Bavarian Manfred Weber, softly spoken and eloquent, on Wednesday announced he wants to become the lead candidate of the European People’s Party (EPP) in the 2019 European elections and the next president of the EU Commission.
That would make him the first German to run the EU’s executive arm since 1967.
The incumbent Commission president, Jean-Claude Juncker, is not seeking a new term after his expires in November 2019.
Holding the bloc together
In his campaign pitch, Mr. Weber, a moderate voice in the Christian Social Union party of hardline German Interior Minister Horst Seehofer, said he could hold the bloc together at a time when it is under threat from unfriendly powers abroad and nationalists within.
“It’s about the survival of our European way of life,” he said in a statement. “We can only be strong if we stick together, otherwise Europe doesn’t have a chance in today’s world,” he said. He also pledged to bring the EU closer to the people. “The EU is too much of an elite organization,” he said.

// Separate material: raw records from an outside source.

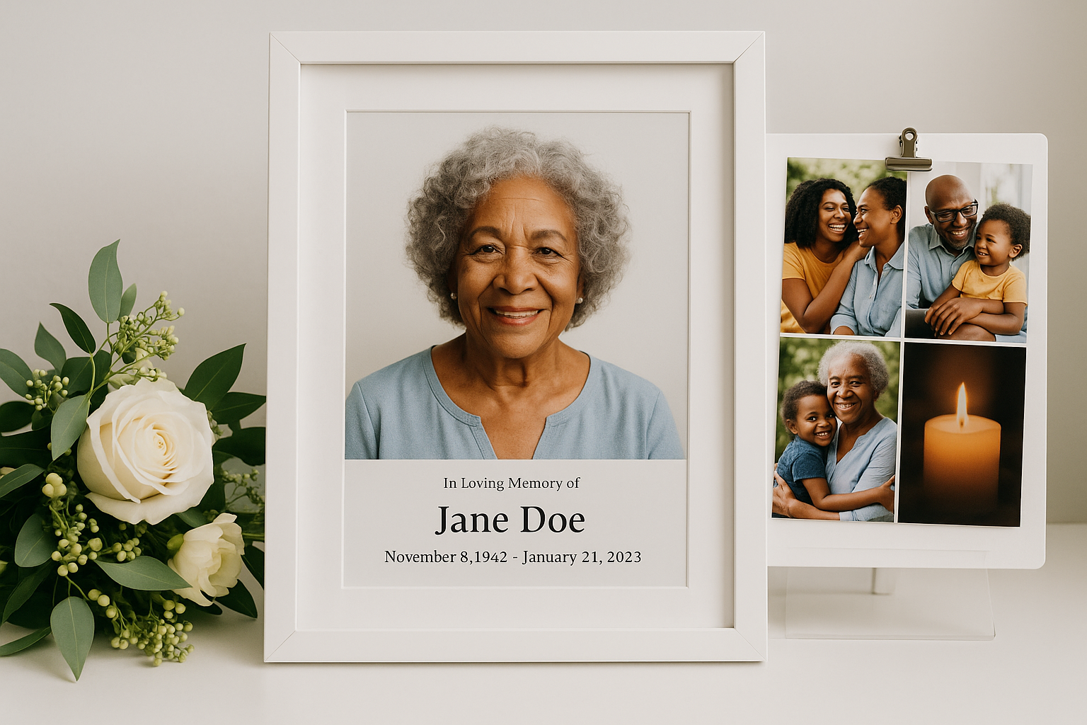 Print a QR card and place it at the entrance, program table, or reception. Friends and family can scan to open the Tribute page and post messages, photos, or stories no app required.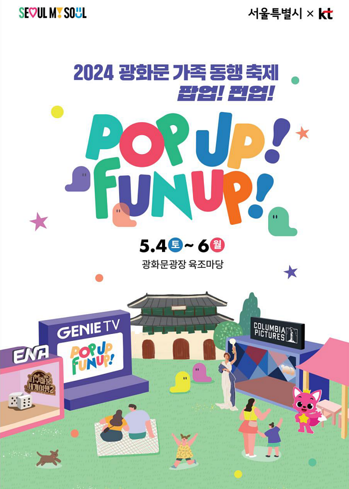 서울시는 가정의 달을 맞아, 지니 TV(KT)와 함께 온 가족이 즐길 수 있는 [2024 광화문 가족 동행 축제 ‘팝업! 펀업!’]을 개최한다고 밝혔다. 5월 4일부터 6일까지 매일, 오전 11시부터 오후 5시까지 운영하며, 대상을 가족으로 확대해 더욱 풍성한 볼거리와 이벤트를 준비했다.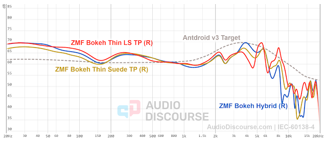 ZMF sent me a lot of pads. I had six additional pads above the default pads that come with the Bokeh, and they were primarily the Caldera-based pads. These ranged from thick to thin, suede to lambskin and different types of perforations. The default pad is the Thin Caldera Hybrid pad, which is labeled ZMF Bokeh Hybrid on my graphs.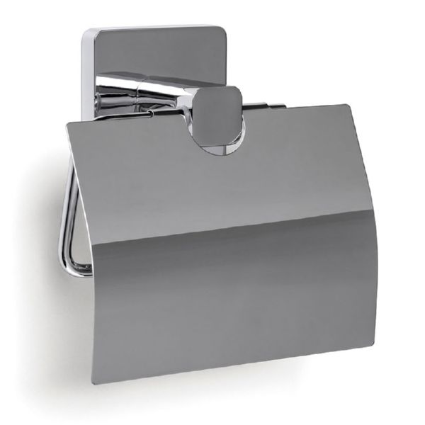 Zamak cromado. Sistema fijación 3M apto para superficies lisas no porosas. Inoxidable. 10 años de garantía. Portarrollo con tapa. 125x50xh.125 mm.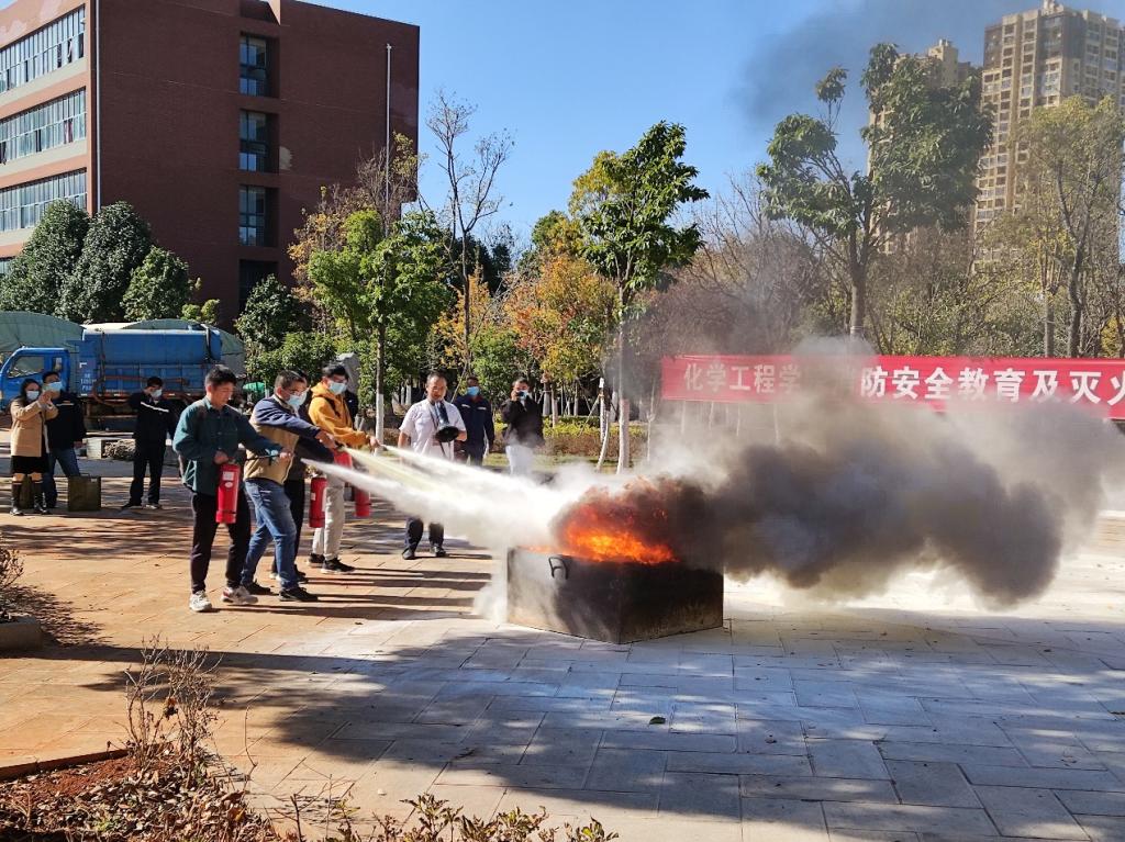 随后,参训人员在化工楼前进行了灭火实训演练,培训教员为师生们讲解和示范了灭火器的使用方法,师生们亲自体验了灭火器的使用及灭火过程。

The 46-year-old has the backing of Chancellor Angela Merkel, who welcomed his candidacy. The conservative EPP is the biggest transnational group in the European Parliament and will likely remain so after the EU election next May.
Hurdles to jump
Still, Mr. Weber faces a number of major hurdles including European Competition Commissioner Margrethe Vestager, who is keeping her options open and could end up clinching the post instead.

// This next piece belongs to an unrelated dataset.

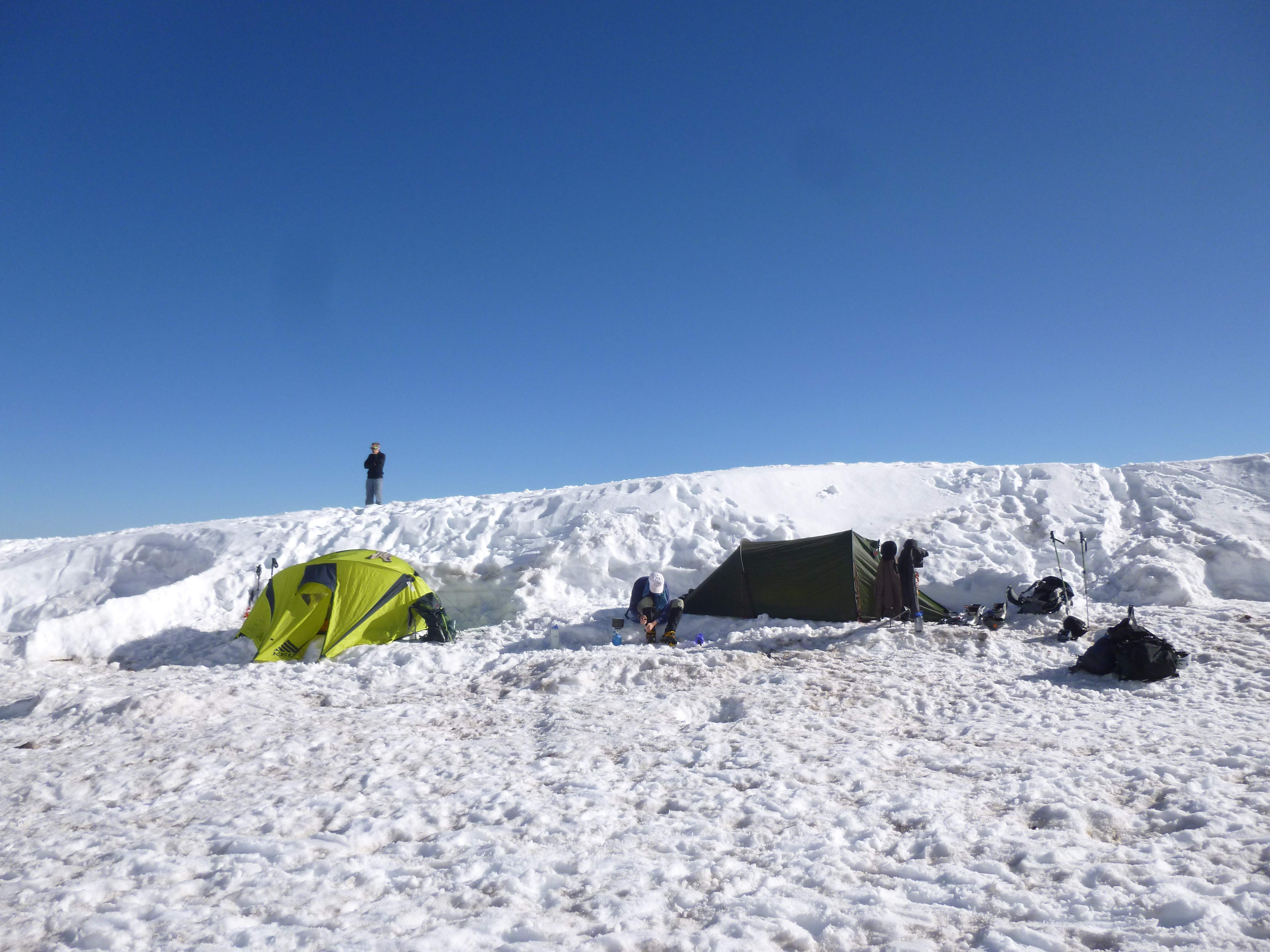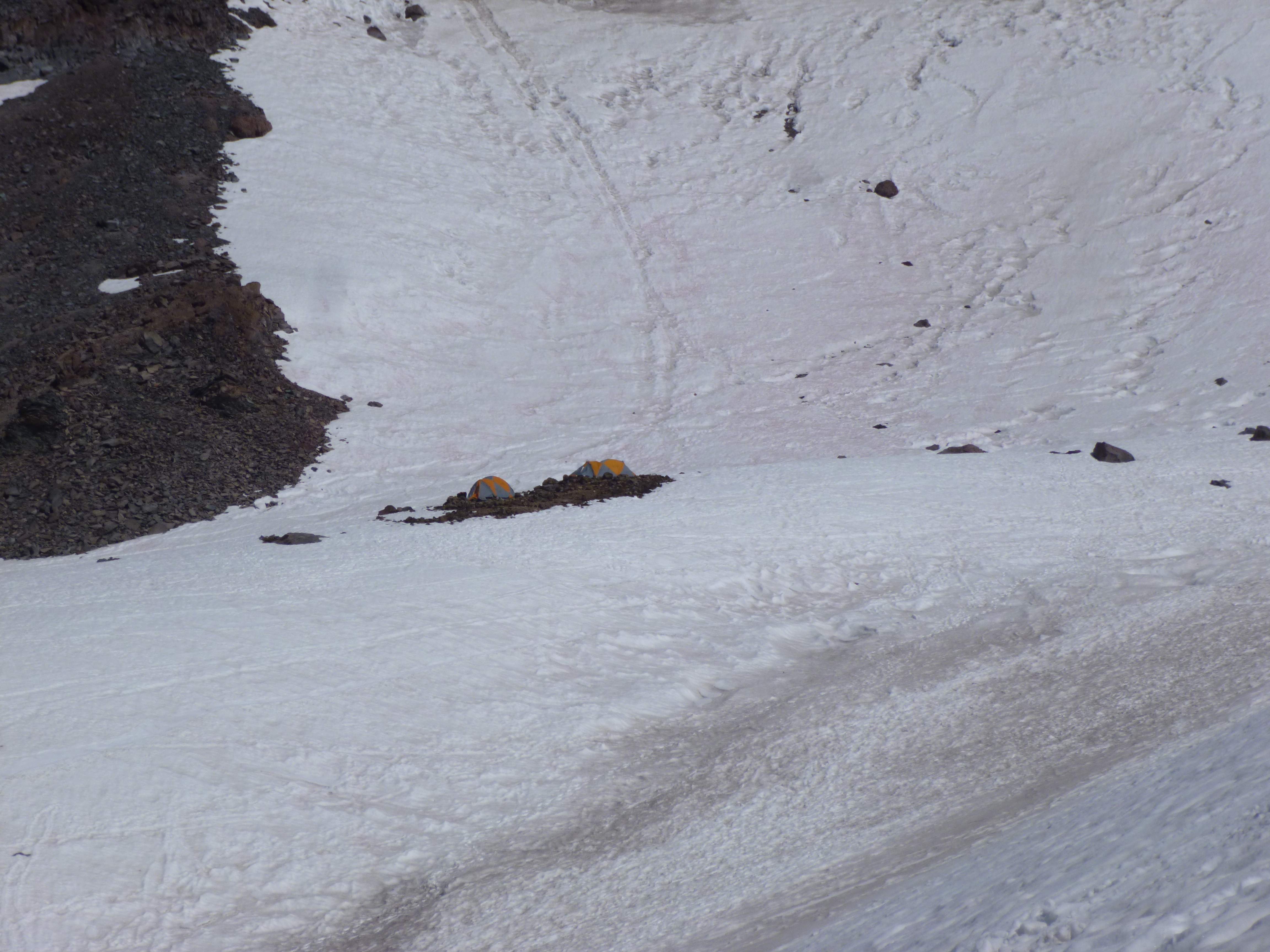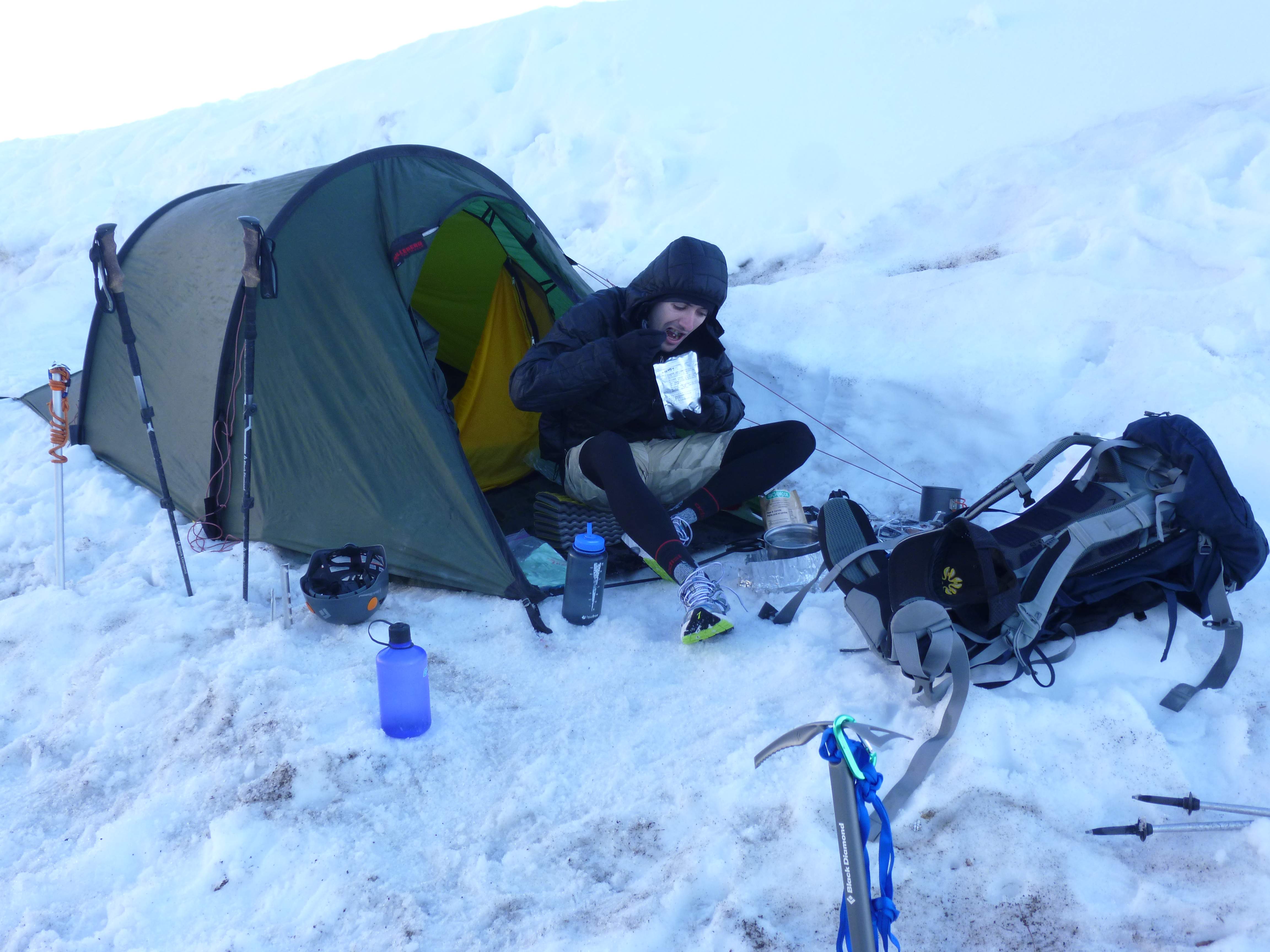Shortly after our return to camp a steady rain began to come down. It was cold, wet, and thoroughly unpleasant – we were all grateful that we had been lucky enough to ascend in clear weather. As the sun began to set, the rain turned to sleet, then snow. From here on our itinerary was very relaxed, and our plan didn’t call for descending until the next day. We turned in early, planning to get a sunrise start.

The first major hurdle comes in November when the EPP convenes in Helsinki to choose a lead candidate for the elections. Mr. Weber may have been the first candidate to throw his hat in the ring, but there will be others, most likely including Finnish MEP Alexander Stubb, the EU’s chief Brexit negotiator Michel Barnier and European Commission Vice-President Valdis Dombrovskis. They have until October 17 to declare their candidacy.

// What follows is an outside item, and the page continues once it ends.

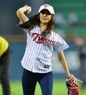 2013.09.12 18: 36시구 나선 손나은, '힘차게 공 던져요~'

Party sources said Mr. Weber has a good chance of securing the EPP’s nomination because he has a strong reputation in the parliament while the other candidates have drawbacks — Mr. Stubb is seen as an outsider in the EPP and Mr. Barnier will only be able to run if he negotiates an exit treaty with Britain in time, which is far from certain. Mr. Dombrovskis, meanwhile, a former Latvian prime minister, still needs to get the backing of his home country.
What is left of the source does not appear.